The June Euro futures contract erased earlier gains against the U.S. Dollar and is now trading lower for the session. Overnight the single currency attempted an upside breakout after Spain’s well-received auction of government debt. As concerns about a possible bailout of Spain eased, shorts likely covered their positions, but refreshed once it became clear that buyers were not going to chase the Euro higher.
This trading action underscores the possibility that there is more to the Spanish debt crisis than just the bond auction. Although it may indicate that Spain has temporarily passed an important test of investor confidence, the country still faces an excessive debt issue, falling real estate prices and extremely high unemployment. In addition, the government must address the issue of fiscal austerity under the threat that the European Central Bank can at anytime curtail its current debt buying program.
With Spain selling 2.54 billion Euros of 2- and 10-year government bonds, figures that exceeded the top end of the government’s planned range of 2.5 billion Euros, the June Euro jumped higher, but could not attract enough buying pressure to exceed any important tops to change the main trend to up on the daily chart. This was a sign that buyers were backing way from the Euro and suggested that it was short-covering rather than fresh buying that was driving the market higher.
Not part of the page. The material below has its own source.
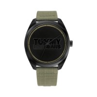 - Markant sort skive med TOMMY JEANS-logo og grøn rem

In hindsight, it looks as if the initial response to the bond auction was merely a relief rally and that Euro investors realized that Spain still face serious problems that are not likely to go away over the near-term.
Technically, the June Euro is still in a downtrend on the daily chart and will remain in this position until an important top is violated. Investors have done their part to defend the single-currency at the 1.3000 level, but no one seems interested in prolonging the rally by buying strength. Basically, the Euro is still in the hands of strong sellers.
This morning the June Euro is trading on the weakside of a short-term 50% price level at 1.3109 and threatening to trade below a major 50% price level at 1.3070. Sell stops are likely building under the 1.3000 to 1.2987 area, but heavy shorting as the market approaches these levels could trigger an acceleration to the downside once this area is breached.